# I'm going insane :(



## alyssa_liss (May 4, 2009)

Got work in the morning and tonight the degus have decided they want to stay up all night , there norm really good and sleep at about 11

why won't they sleep  I can't even move them or me as I'm at my OH's, who is currently fast asleep


----------



## Midnight (Jan 17, 2009)

MMMMMmmmmmmm sounds familiar  we have nights where one is awake till gone 3 in the morning rattling a wooden block on the side of the cage  looks nice but not practical ! hope you have a better night tonight !  xx I get up and bang their cage cos i'm evil :devil: stops him doing it !!!!!  x


----------



## alyssa_liss (May 4, 2009)

no one cares that i was sleep deprived 

i ended up going in my OH bros room as he was out for the night 

just to add when i was leaving for work the ladies decided it was sleepy time (not impressed )
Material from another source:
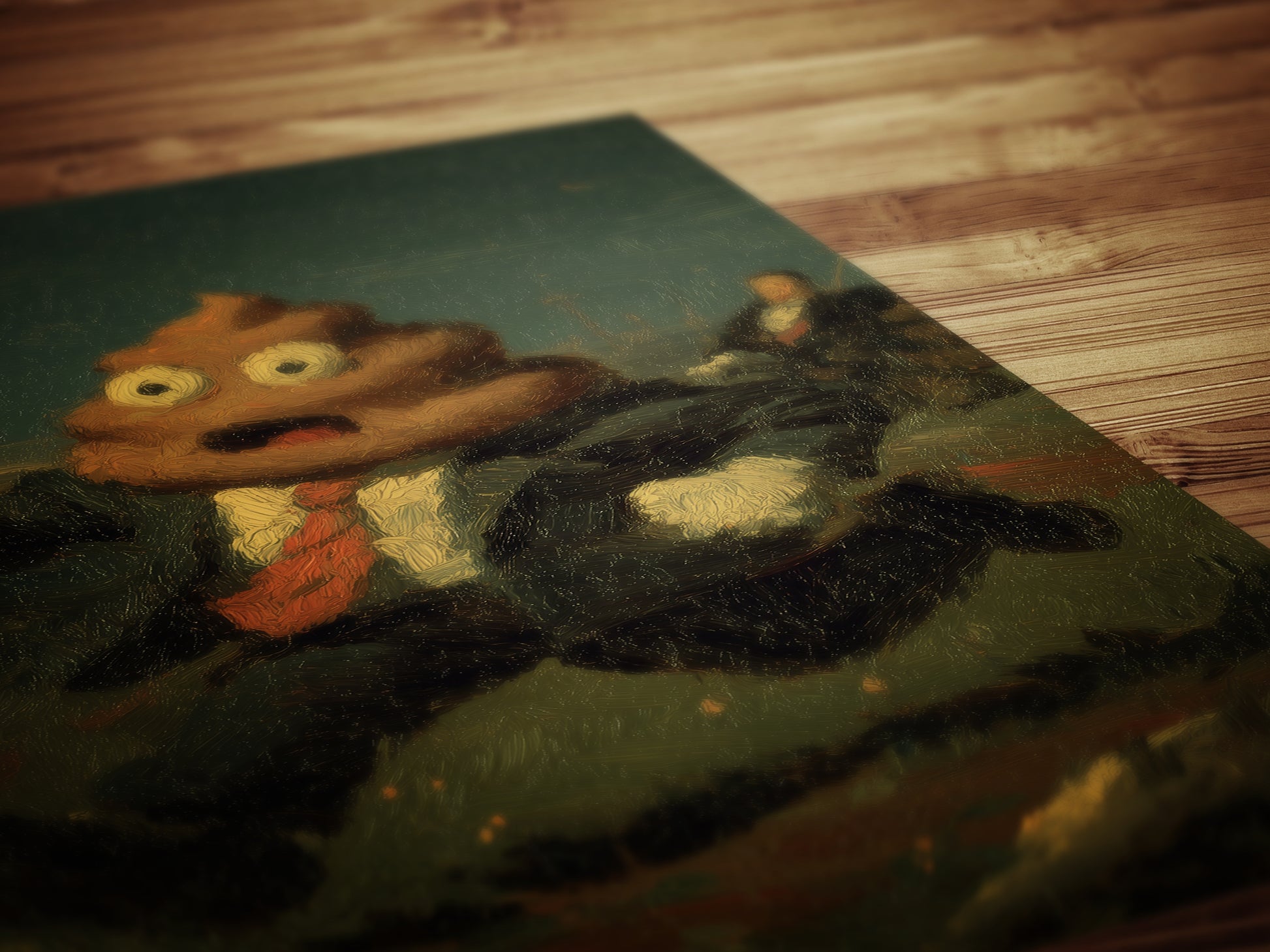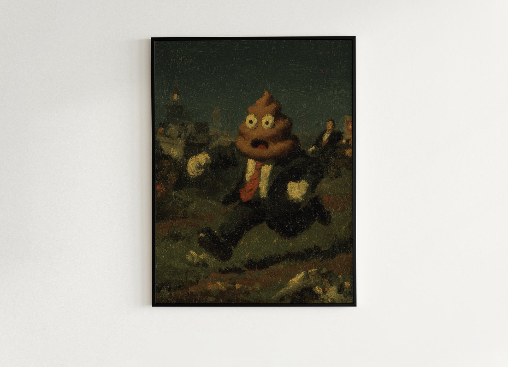 Make your bathroom break unforgettable with this wild and wonderfully weird poop emoji artwork! 💩 Set against a moody oil-painting style backdrop, this poop-headed character in a business suit delivers a hilarious clash of sophistication and absurdity—perfect for lovers of surreal, inappropriate, or weirdcore humor.

its made me realise that i cant have some more at my house even if i was aloud because i wouldnt sleep if they were constantly up

will have to wait until i get my own house and can put them in the front room


----------



## alyssa_liss (May 4, 2009)

weird you replied as i posted lol

i took all the toys out , then tried tapping the cage with my foot, then covering the cage with a towel (stoped them for 2 seconds) until they realise they could pull the towel , which was even noiser 

then the towl came of 

then i moved rooms at about 2.15


----------



## Midnight (Jan 17, 2009)

AAAwwww poor you !  little beggars try a peanut in a shell that puts them right off their stroke !!!   xx


----------